Home> Blog> Plot This

Plot This

ยท

This post originally appeared on the Software Carpentry website.

The most useful little guide to visualization I've ever found is the decision tree created by Andrew Abela, which you can find here. Do you want to show a comparison, a distribution, a relationship, or a composition? If it's a comparison, is it among items or over time? Each choice leads to a different kind of plot, and while you may not agree with all the choices, it makes the reasoning behind them concrete.

One day, I hope someone will turn that chart into a half-day lesson on visualization for Software Carpentry. Before then, though, I have a little visualization challenge that I think some of you might enjoy. This small data set shows population, number of workshop attendees, and number of instructors by country:

Country,       Population,  Attendees,  Instructors
Australia,       23737000,        592,           11
Brazil,         203850000,        116,            1
Canada,          35675000,       1215,           46
China,         1368090000,         24,            1
Cyprus,            858000,         25,            0
Denmark,          5655000,         20,            1
France,          66092000,         72,            4
Germany,         80767000,        183,            6
Ghana,           27043000,         24,            0
India,         1266580000,          0,            1
Ireland,          4609000,          0,            1
Israel,           8296000,          0,            1
Italy,           60782000,         81,            1
Japan,          127020000,          0,            1
Jordan,           6688000,         34,            0
Lebanon,          4104000,         25,            0
Netherlands,     16888000,         39,            0
New Zealand,      4560000,         19,            1
Norway,           5156000,         90,            2
Poland,          38496000,         60,            5
Saudi Arabia,    31521000,         20,            0
Singapore,        5469000,          0,            1
South Africa,    54002000,         90,            2
Spain,           46464000,          0,            2
Sweden,           9743000,         54,            3
Switzerland,      8211000,         63,            0
Thailand,        64871000,          0,            1
United Kingdom,  64105000,       1231,           48
United States,  320354000,       5253,          166

I'd like a scatter plot comparing workshop attendees per capita to instructors per capita. This little Python program does that:

import sys
import csv
import numpy as np
from matplotlib import pyplot as plt

countries = []
populations = []
attendees = []
instructors = []
with open(sys.argv[1], 'r') as raw:
    cooked = csv.reader(raw)
    for (c, p, a, i) in cooked:
        countries.append(c)
        populations.append(float(p))
        attendees.append(float(a))
        instructors.append(float(i))

populations = np.array(populations) / 1e6
attendees = np.array(attendees) / populations
instructors = np.array(instructors) / populations

plt.scatter(attendees, instructors)
plt.xlabel('Attendees per million pop')
plt.ylabel('Instructors per million pop')

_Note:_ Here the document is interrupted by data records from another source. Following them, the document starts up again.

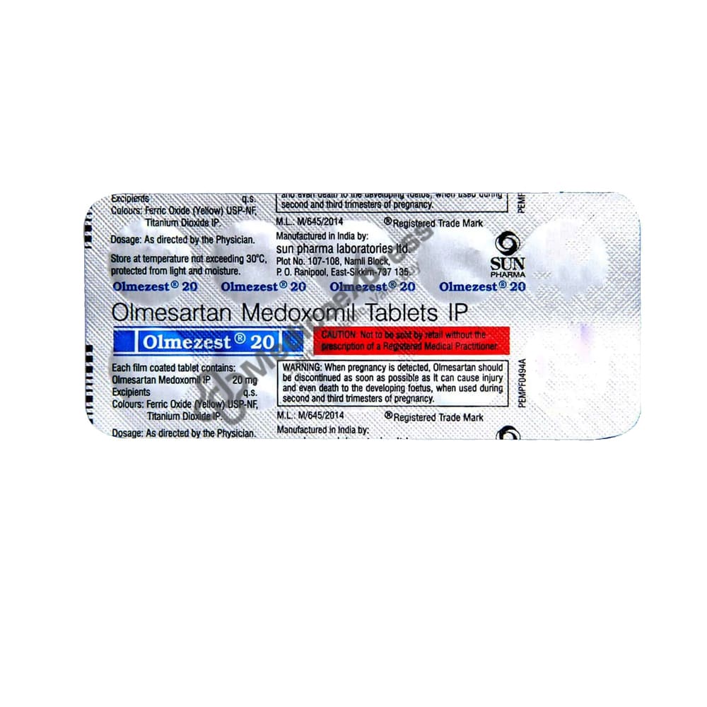 Olmezest 20 Tablet 10's Belongs To a Class Of Drugs Known As 'Atypical Antipsychotics,' Which Are Principally Used To Treat Schizophrenia And Manic Depression (Bipolar Disorder). Disclaimer:For More Information Contact Your Physician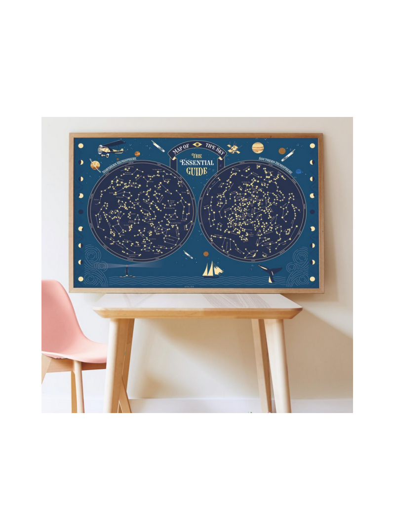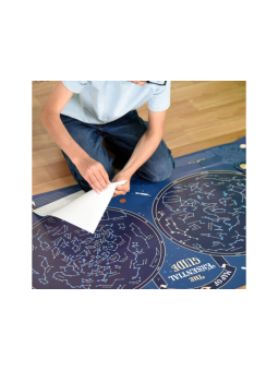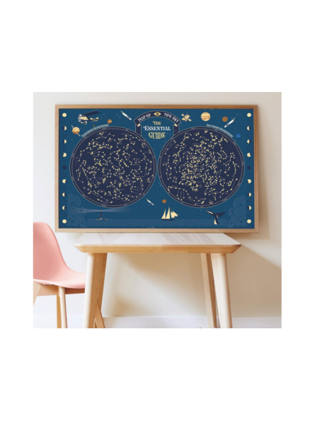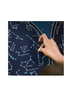 Voici une très belle carte du ciel phosphorescente à compléter avec des stickers repositionnables. L'enfant colle sur le poster plus de 600 stickers, sur les emplacements indiqués. Il mémorise ainsi le nom des constellations du ciel. Un magnifique poster pour enfants, pour apprendre en s'amusant.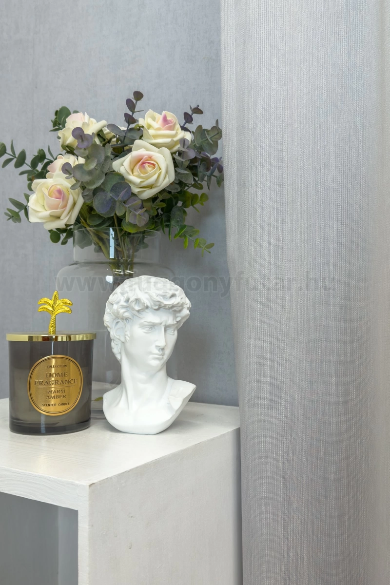 A szórt mintás anyagok izgalmas felülete bármely helyiségben jól mutat Az anyag teljes felületén elszórtan megjelenő ritkább-sűrűbb szálbeszövések izgalmas felületet hoznak létre. Bármilyen, színben harmonizáló, mintás anyagot remekül párosíthatunk hozzá. Semleges és elegáns szürke A szürke semleges és elegáns. Stabilitást képvisel. Bármely élénk színnel jól kombinálható, de azt ne vigyük túlzásba. A szürke színű fényáteresztő függönyökhöz általában a narancs, sötétkék, bordó, lila és szürke színű sötétítő és dekorfüggönyök illenek legjobban.Ez a függöny többféle lakberendezési stílushoz is jól illeszthető Ez a függöny több lakberendezési irányzathoz is tökéletesen illeszkedik – legyen szó a mediterrán könnyedségről, a klasszikus eleganciáról, a minimál letisztultságról, a vintage nosztalgiáról vagy a skandináv egyszerűségről. Anyaga diszkréten simul bele a térbe, miközben kiemeli a helyiség hangulatát. Ideális választás, ha olyan textilt keresünk, amely rugalmasan alkalmazkodik a meglévő bútorokhoz és kiegészítőkhöz.Anyaga: sablé Változó vastagságú szálakból szőtt anyag. Kevésbé hajlamos a gyűrődésre , mint a voile. 1.5x-es ráncolással ajánljuk.Terasz ajtókhoz, nagyobb ablakok függönyözéséhez jól használható A karnistól a felső szegéshez szükséges anyagot beleszámítva legfeljebb 298 cm hosszú függönyt lehet belőle varrni, ez alatt bármilyen méretben elkészítjük. Méreténél fogva alkalmas lehet terasz- és erkélyajtók, nagy belmagasságú helyiségek valamint normál ablakok függönyözésére is. A függöny aljába gyárilag varrt ólomzsinór megfelelő esést kölcsönöz a függönynek, megakadályozza az indokolatlan fellebbenést és az apróbb ráncokat is kisimítja.Vasalást kevésbé igénylő anyag Az anyag kevesebb vasalást igényel, mint az átlag függöny. Sokszor elég, ha mosás után még nedvesen a helyükre akasztjuk, így kilógva magát a ráncok kisimulnak és a függönyünk teljes pompájában ragyog!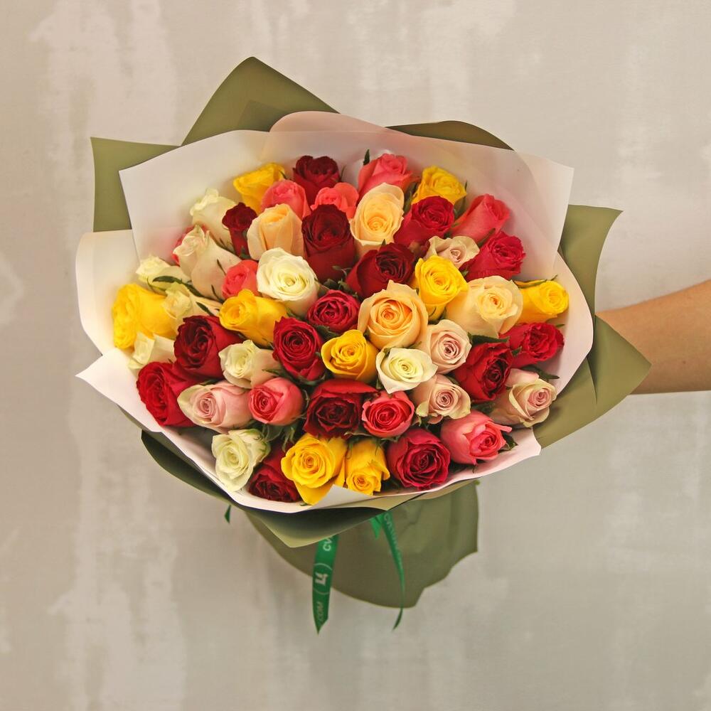 Букет из 51 роз микс 35-40 см (Кения) в упаковке
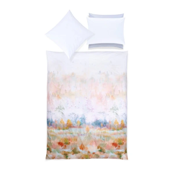 Christian Fischbacher's Aurum's design has delicate wisps of mist float over the treetops, giving the print design a light appearance that fades into brilliant white. Colorful ochres, reds and greens illuminate the trees and grasses. Painted in the in-house atelier, the autumnal atmosphere is printed in Northern Italy on the exclusive and well proven cotton sateen. Zipper Closure. 100% Cotton.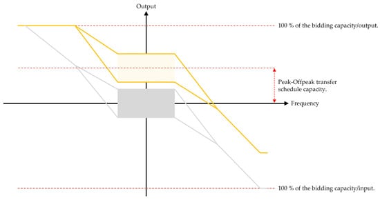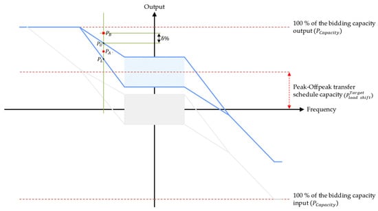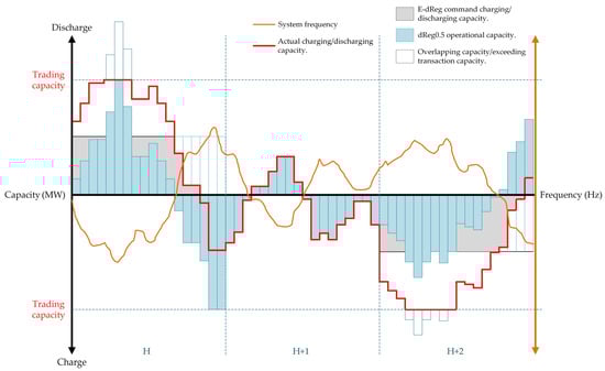 Table 1 outlines the schematic operation of the enhanced dynamic regulation reserve (E-dReg) during actual operation. During the energy transfer scheduling period, the command for energy transfer must be executed simultaneously with the frequency regulation service. If the overall output capacity exceeds the contracted transaction capacity with Taipower, only the maximum transaction capacity will be output. In the event that the frequency surpasses the critical threshold of 60 Hz ± 0.5 Hz, the command for energy transfer must be temporarily suspended for 900 s. After the 900 s pause, the execution of the original energy command can resume.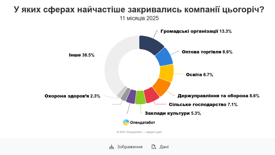 За кількістю закриттів лідирують громадські організації – 1 498 серед них з початку року припинили роботу. Значні втрати спостерігаються й в оптовій торгівлі (1 001 компанія), освіті (981), державному управлінні та обороні (966) і у сільському господарстві (794).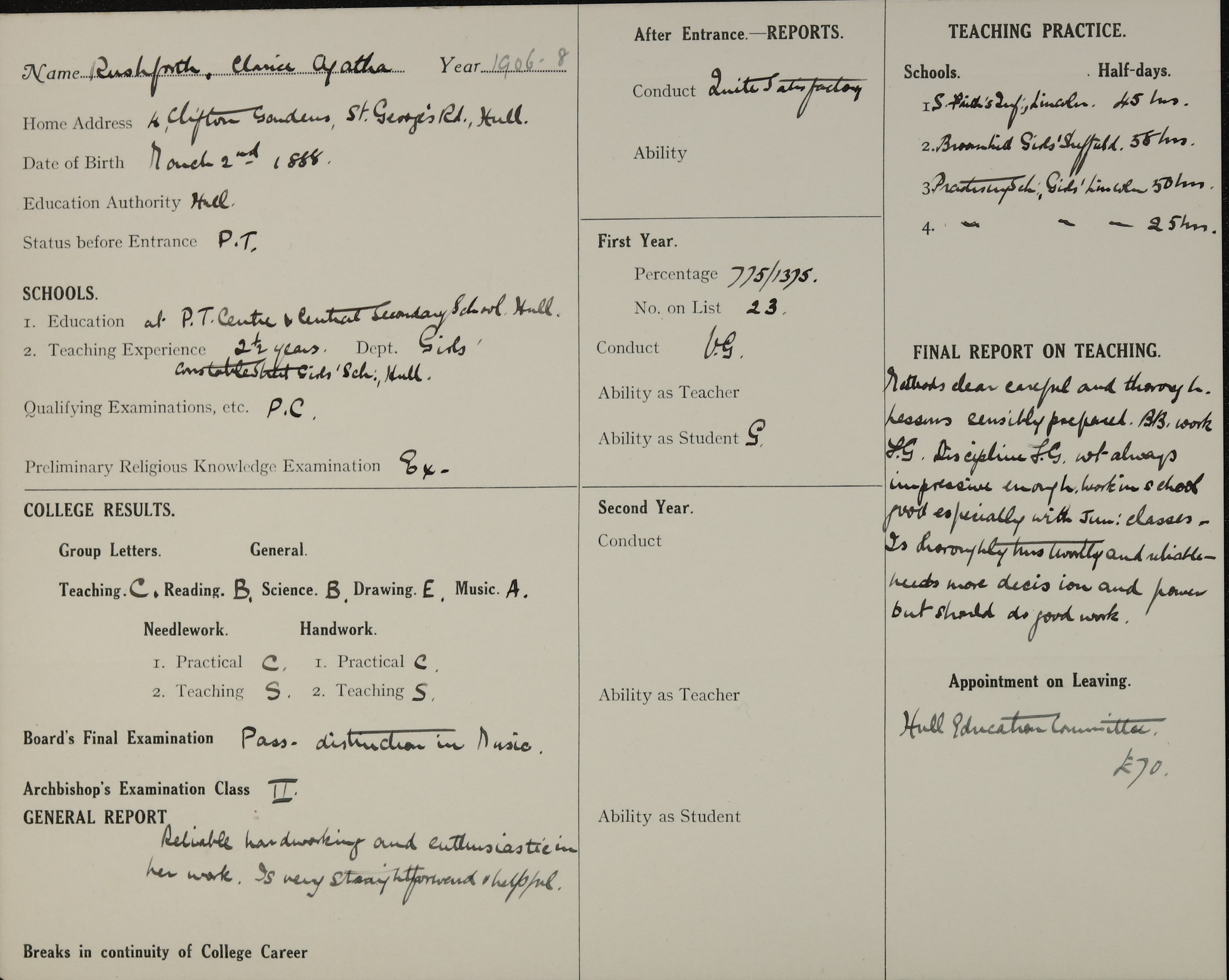 She is at 4 Clifton Gardens, Hull. Her father is listed as ‘Engine Fitter’. Her stepmother is unlisted. Clarice is listed as ‘Elementary School Teacher’.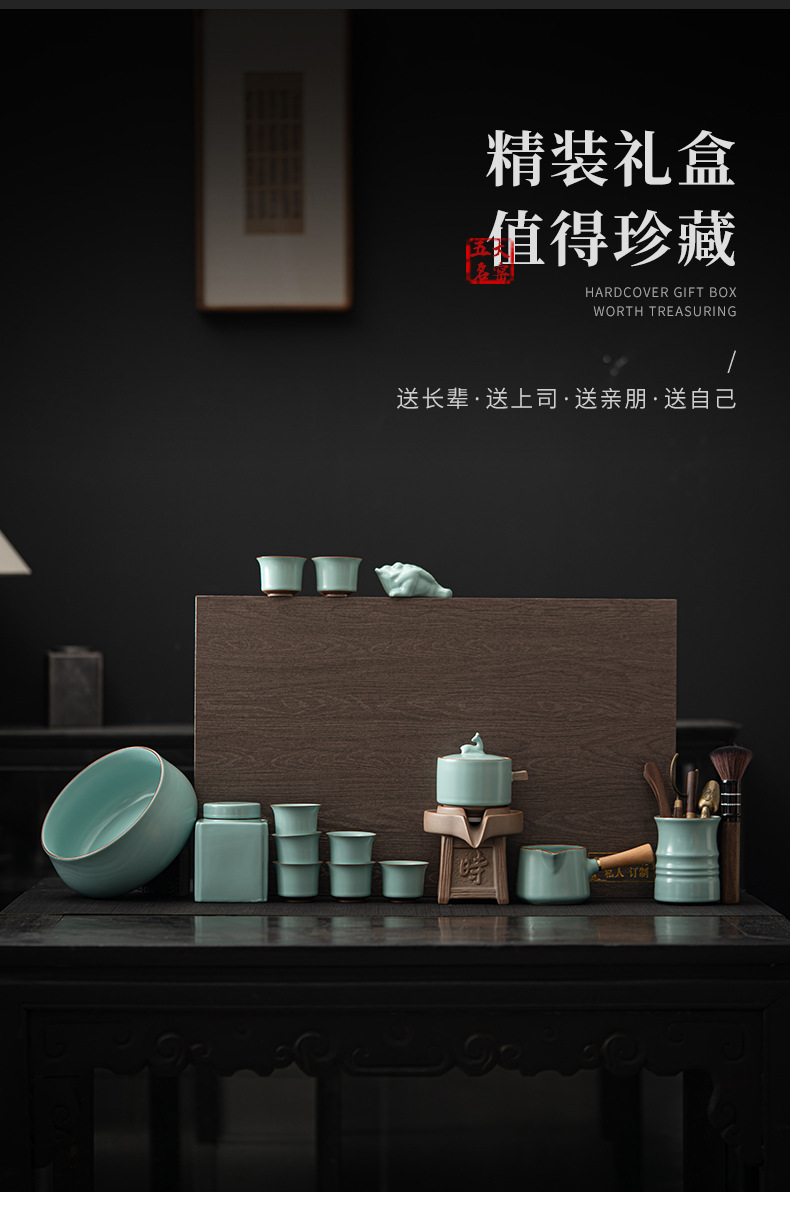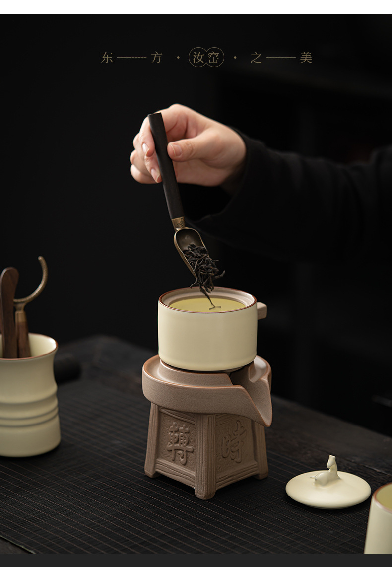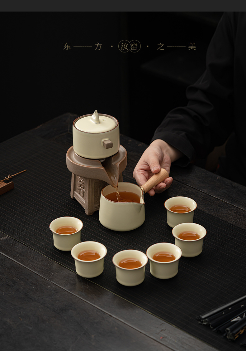 - Bộ ấm trà tự động gốm sứ Ru Kiln ấm trà đá nhỏ gia dụng ấm trà lười pha trà hiện vật Bộ ấm trà Bộ ấm trà

for (label, x, y) in zip(countries, attendees, instructors):
    plt.annotate(label, xy = (x, y))

plt.show()

(You can download the data and program here and here, and yes, the CSV has all those extra spaces taken out.) The plot produced by this program is:

Comparing Workshop Attendees and Instructors per Capita by Country

It's not particularly useful (which is Canadian for "it's awful"): labels overlap, values crowd near the origin, and so on. My challenge to readers is to create something better. More specifically, add a comment to this post with your code (in any language) and a link to the picture it produces, and explain briefly why you think it's better. And while you're thinking about how to do that, have a look at Ned Gulley's In Praise of Tweaking — if there's a way to do for visualization what his programming contest does for performance, I'd like to give it a try.